Source information:
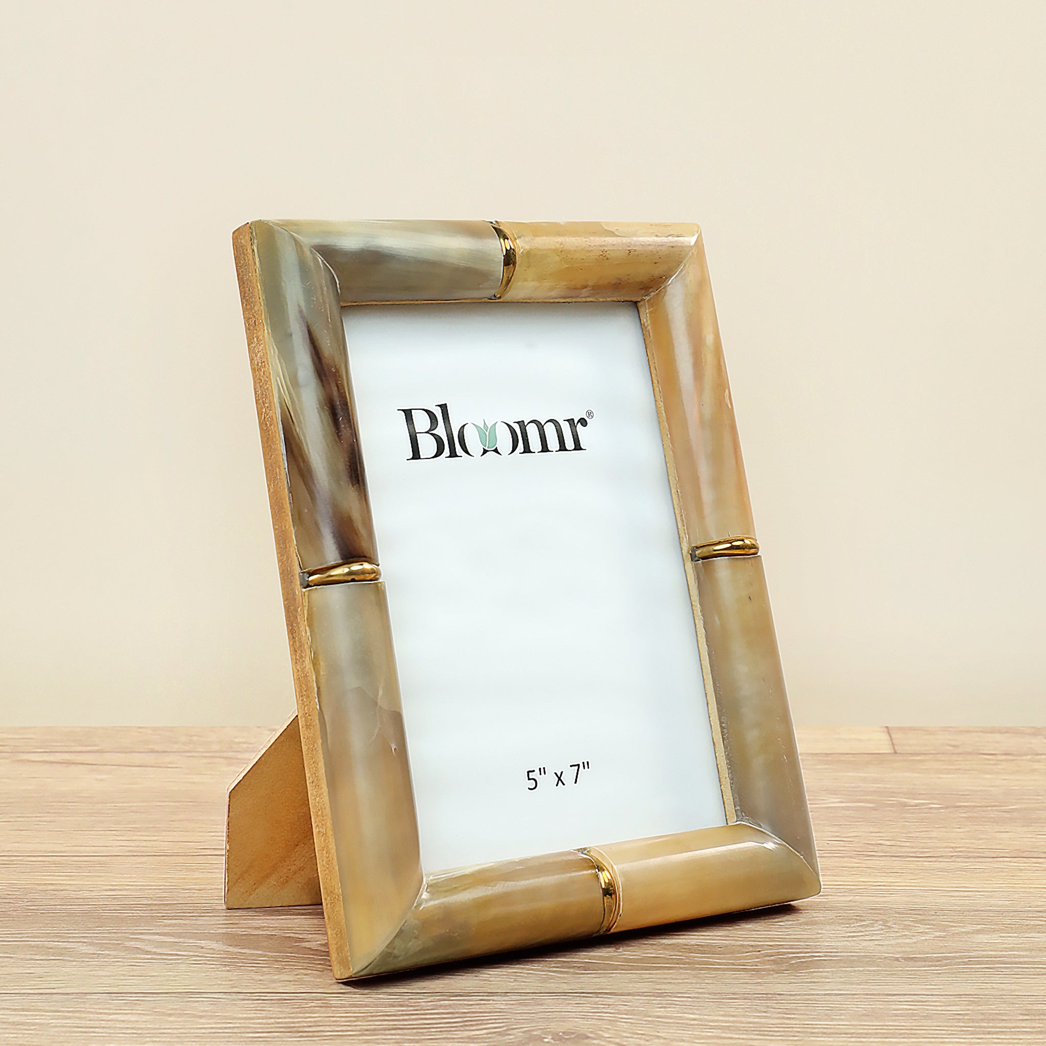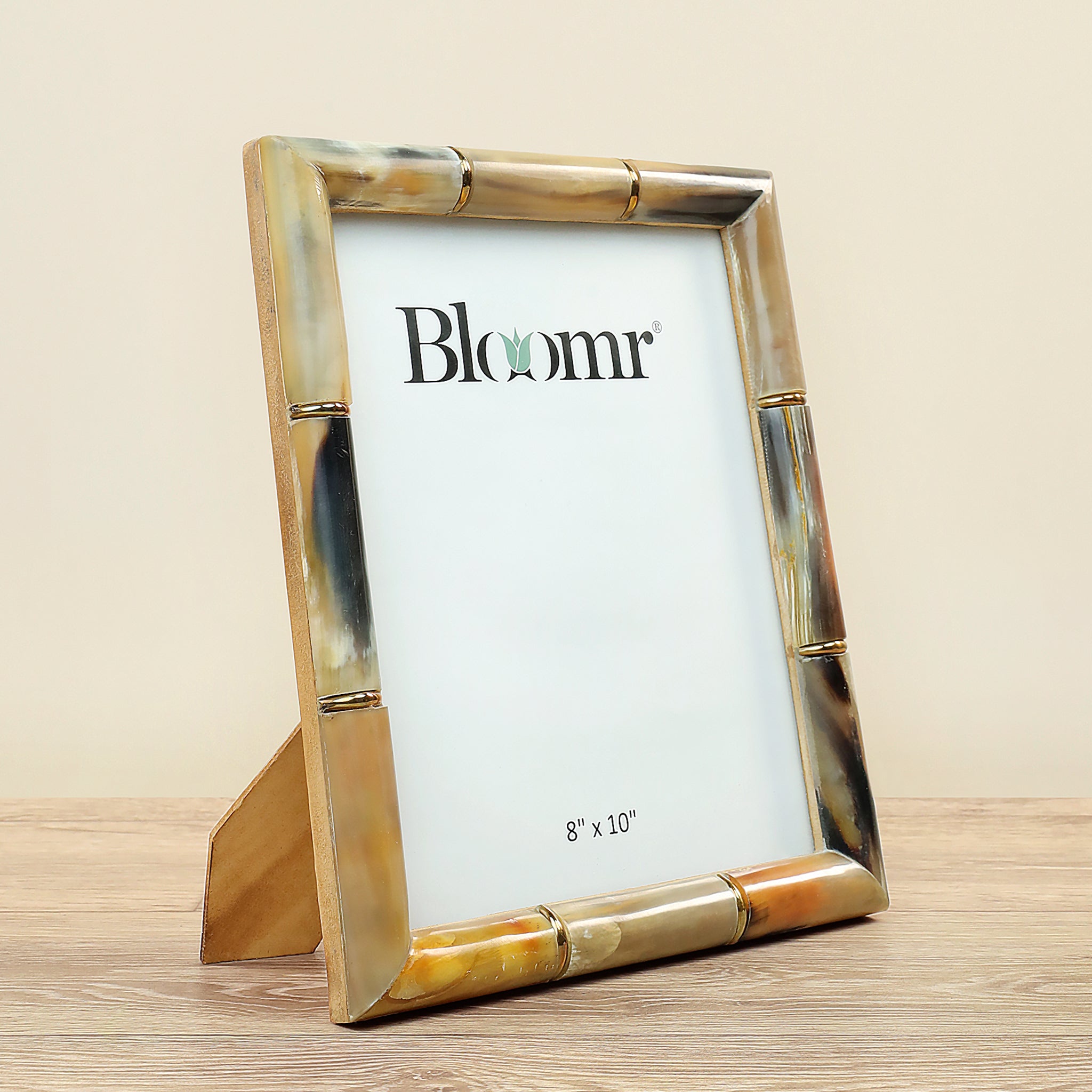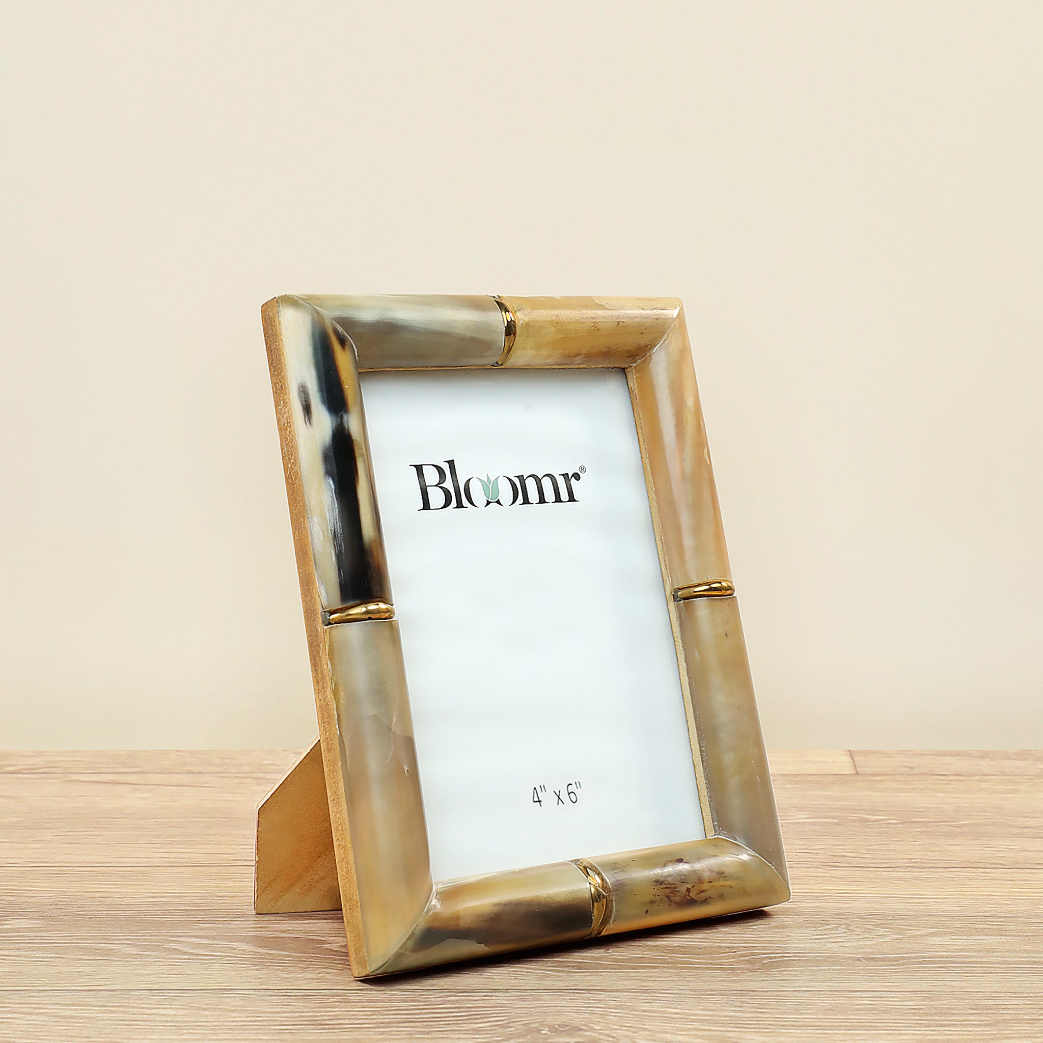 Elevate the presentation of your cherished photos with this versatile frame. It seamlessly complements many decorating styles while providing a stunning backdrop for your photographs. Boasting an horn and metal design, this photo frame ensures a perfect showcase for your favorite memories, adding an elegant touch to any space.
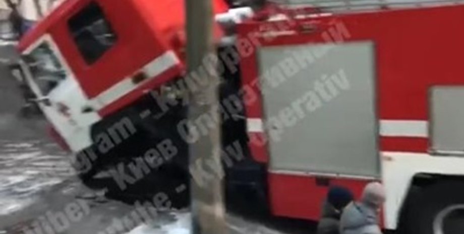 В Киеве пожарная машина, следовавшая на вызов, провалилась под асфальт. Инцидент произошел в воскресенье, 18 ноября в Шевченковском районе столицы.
...
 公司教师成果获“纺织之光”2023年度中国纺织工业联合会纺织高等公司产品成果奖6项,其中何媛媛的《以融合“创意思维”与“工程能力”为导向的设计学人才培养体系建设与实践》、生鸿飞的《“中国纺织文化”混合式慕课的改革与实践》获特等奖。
...
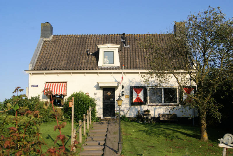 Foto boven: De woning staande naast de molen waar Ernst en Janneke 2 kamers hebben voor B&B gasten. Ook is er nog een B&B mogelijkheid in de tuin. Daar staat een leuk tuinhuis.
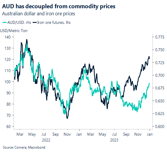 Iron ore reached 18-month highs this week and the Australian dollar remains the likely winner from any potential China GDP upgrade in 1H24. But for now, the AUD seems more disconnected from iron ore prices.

Your assignment:
What do the entries above read from the line containing "Elevate the presentation" through the line containing "В Киеве пожарная"? Output those lines exactly, both ends included, with the pictures left out.

Exercise output:
 Elevate the presentation of your cherished photos with this versatile frame. It seamlessly complements many decorating styles while providing a stunning backdrop for your photographs. Boasting an horn and metal design, this photo frame ensures a perfect showcase for your favorite memories, adding an elegant touch to any space.
 В Киеве пожарная машина, следовавшая на вызов, провалилась под асфальт. Инцидент произошел в воскресенье, 18 ноября в Шевченковском районе столицы.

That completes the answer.